The original Chinese article is written by ninthakeey. It has been translated and remixed by Datumorphism

Beware that scraping data off websites is neither always allowed nor as easy as a few lines of code. The preceding articles enable you to scrape many data, however, man websites have counter measures. In this article, we will be dealing with some of the common ones.

Request Frequency

Some websites have limitations on the frequency of API requests. The solution to this is simply a brief pause after each request. In Node.js, the function setInterval enables this.

// ... require packages here

// define the function fetch to get data
const fetch = (aid) => superagent
		.get('https://api.bilibili.com/x/web-interface/archive/stat')
		.query({ aid:aid })
		.then(res => {
			const data = res.body.data
			dao.saveData(data, (err,res)=>{
				console.log('saved data, aid=' + aid)
			})
		})
		.catch(err => console.error(err))
// fetch data for every 2000ms
// increment aid to scrape other aid's
let aid = 26186448
setInterval(() => fetch(aid++), 2000)
setInterval

setInterval is used as

setInterval(function(){ alert("Hello"); }, 3000);

The function inside is a callback function.

As mentioned previously, () => defines a function.
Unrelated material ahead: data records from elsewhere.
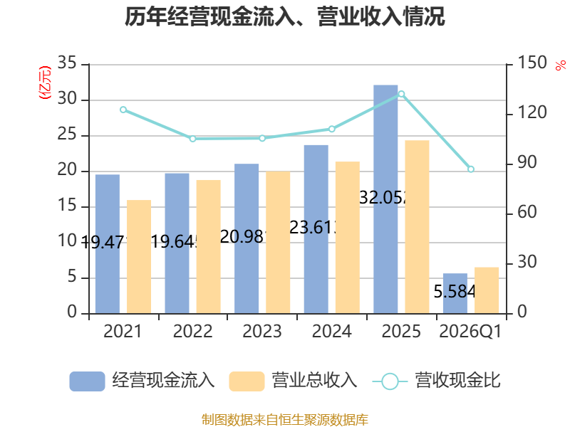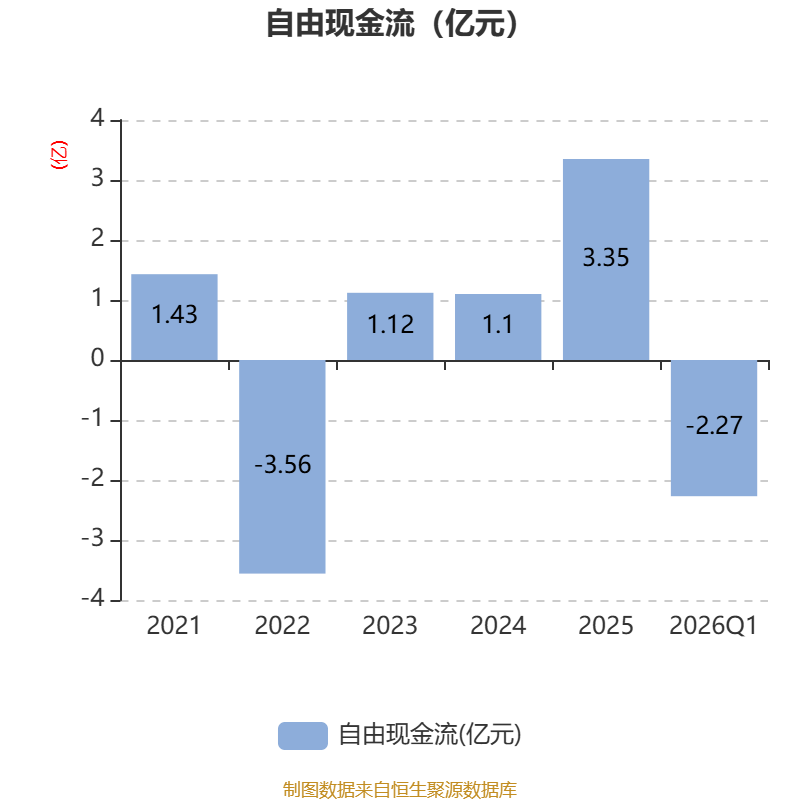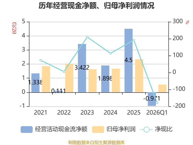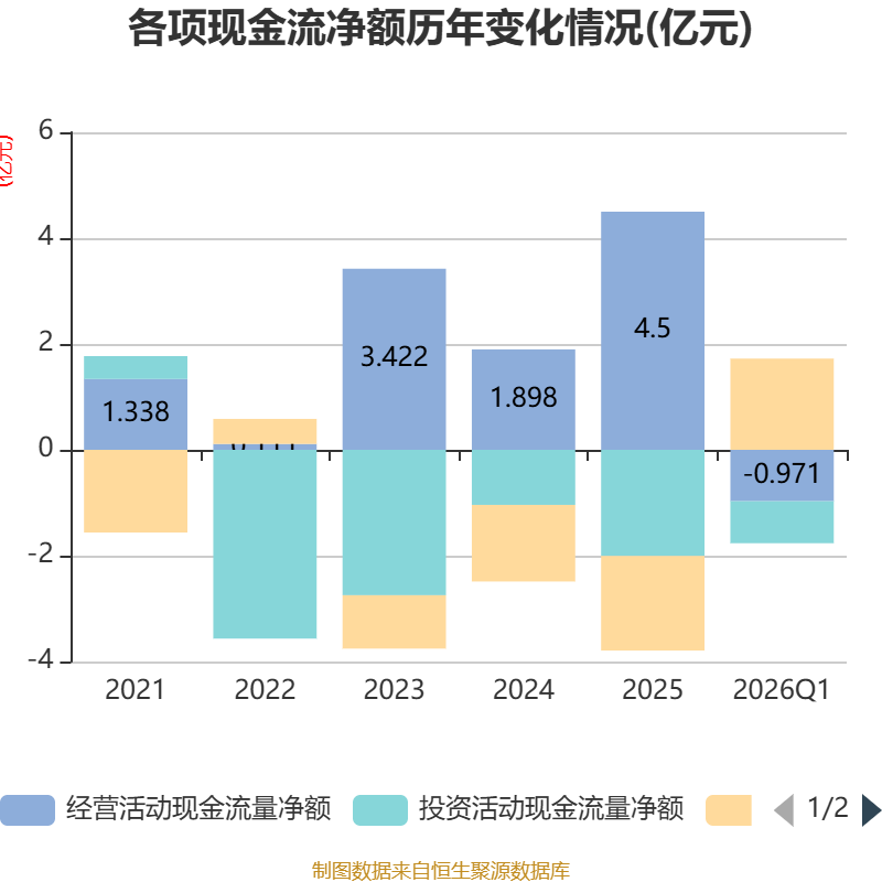 截至2026年一季度末,公司经营活动现金流净额为-9710.12万元,同比减少3.45亿元;筹资活动现金流净额1.72亿元,同比增加1.45亿元;投资活动现金流净额-7944.84万元,上年同期为-8567.45万元。
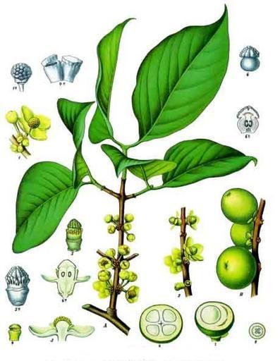 Keywords: Garcinia morella - Köhler–s Medizinal-Pflanzen-063.jpg Garcinia A Blüthenzweig der männlichen Pflanze natürl Grösse; B Fruchtzweig desgl ; 1 Zweigstück mit männlichen Blüthen vergrössert; 1<sup>a</sup> Staubgefässköpfchen nach Hanbury desgl ; 2 Zweigstück mit weiblichen Blüthen desgl ; 3 männliche Blüthe im Längsschnitt desgl ; 4 geöffnetes Staubgefäss desgl ; 4<sup>a</sup> 2 Staubgefässe geöffnet und ungeöffnet nach Bâillon; 5 Fruchtknoten mit Staminodienkranz desgl ; 5<sup>a</sup> dieselbe Figur nach Hanbury; 6 Fruchtknoten mit Narbe desgl nach Hanbury; 6<sup>a</sup> weibliche Blüthe im Längsschnitt desgl ; 6<sup>b</sup> Fruchtknoten im Längsschnitt desgl nach Hanbury; 7 Fruchtquerschnitt mit nur einem fruchtbaren Fache natürl Grösse; 8 derselbe mit 4 fruchtbaren Fächern desgl ; 9 Querschnitt durch den Fruchtknoten vergrössert Garcinia morella Га циния мо елла A цветущая ветвь мужского астения; B плодущая ветвь; 1 часть ветви с мужскими цветками; 1<sup>a</sup> синанд ий по Хэнбе и; 2 часть ветви с женскими цветками; 3 мужской цветок в п одольном аз езе; 4 аск ывшаяся тычинка; 4<sup>a</sup> 2 тычинки аск ывшаяся и не аск ывшаяся по Байону; 5 завязь со с осшимися стаминодиями по Байону; 5<sup>a</sup> то же по Хэнбе и; 6 завязь с ыльцем по Хэнбе и; 6<sup>a</sup> женский цветок в п одольном аз езе; 6<sup>b</sup> завязь в п одольном аз езе по Хэнбе и; 7 попе ечный с ез плода с одним сегментом; 8 то же для плода с 4 сегментами; 9 завязь в попе ечном аз езе 1897 http //pharm1 pharmazie uni-greifswald de/allgemei/koehler/koeh-eng htm List of Koehler Images Franz Eugen Köhler Köhler's Medizinal-Pflanzen PD-old Köhler's Medizinal-Pflanzen Garcinia morella |
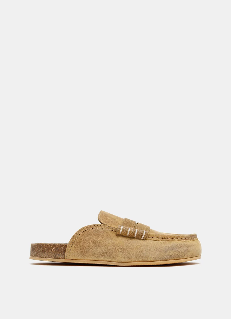 Mocasines tipo mule de JW Anderson en ante encerado con forro de piel de becerro, suela de goma y logotipo grabado. Hecho en Italia. Talla normal, elige tu talla habitual. Tallaje italiano para mujer.
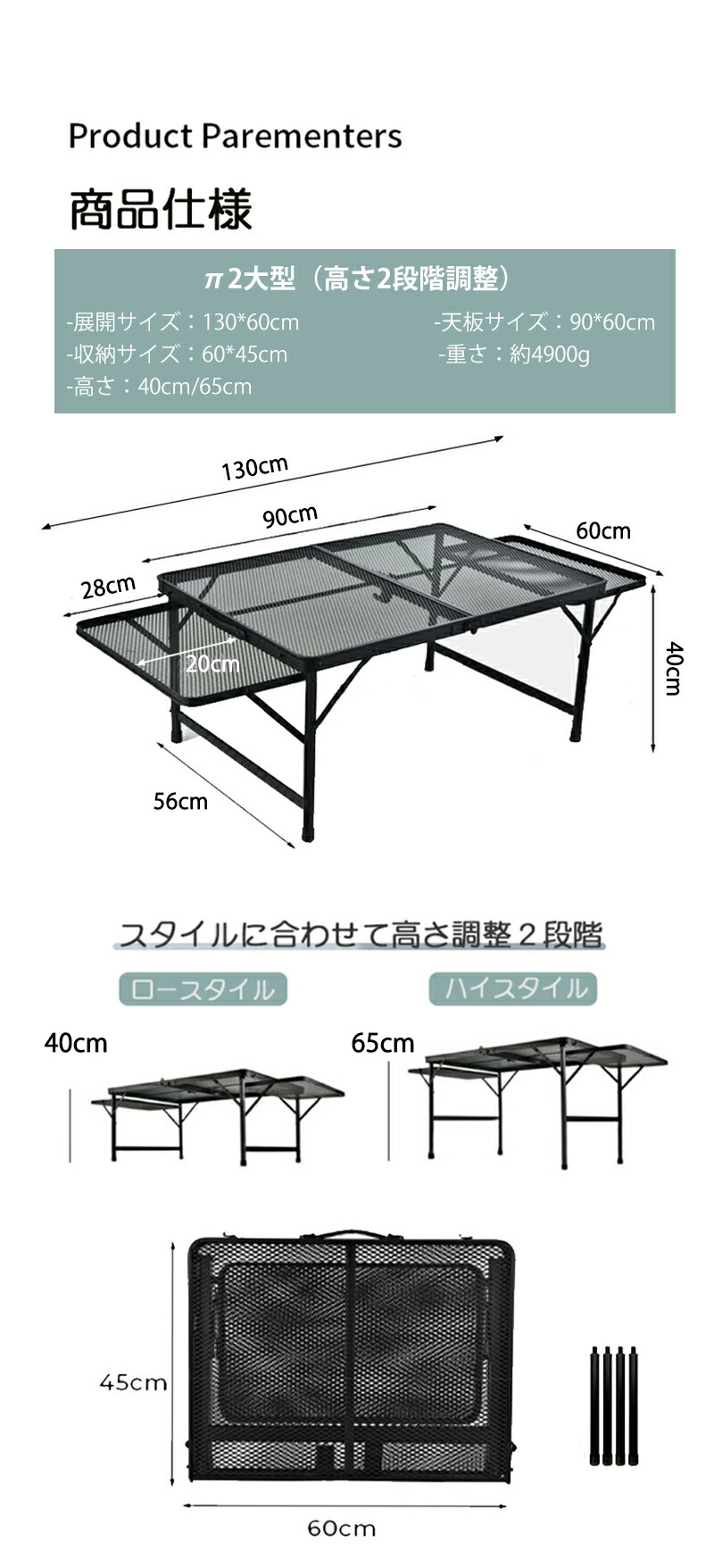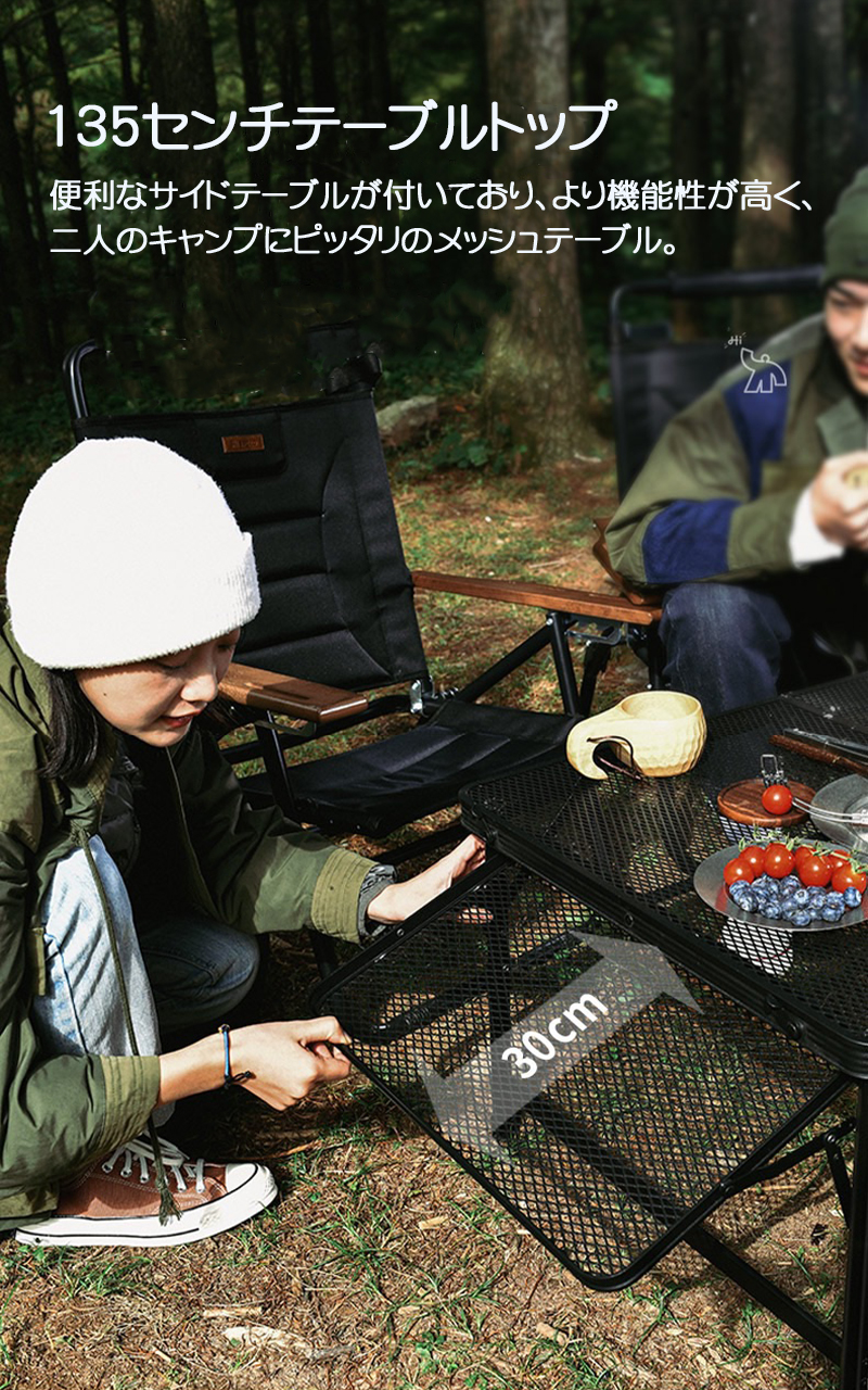 アウトドア テーブル 耐荷重50kg 135*60cm 収納袋付き 二つ折り メッシュテーブル 軽量 折りたたみテーブル 折り畳みテーブル スチール キャンプ用品 BBQ 高さ調整 キャ バーベキュー

In our case, we have called the function fetch increment aid using aid++.

Node.js provides other approaches such as the new ES8 syntax async/await which make it possible to rewrite the code into function chaining again.

// create a new Promise object
const sleep = (ms) => new Promise((suc,fail) => setTimeout(suc, ms));
(async ()=>{
	for(;;){
		await sleep(2000)
		console.log(new Date())
	}
})()

This piece of code will print out the date and time every 2000ms.

async/await

Node.js is single-threaded. As we have mentioned when explaining the function fs.writeFile(), Node.js has non-blocking I/O. In fact, concurrency is probably at the heart of Node.js, which means we execute one process out of the multiple running processes. Concurrency can make your code more efficient.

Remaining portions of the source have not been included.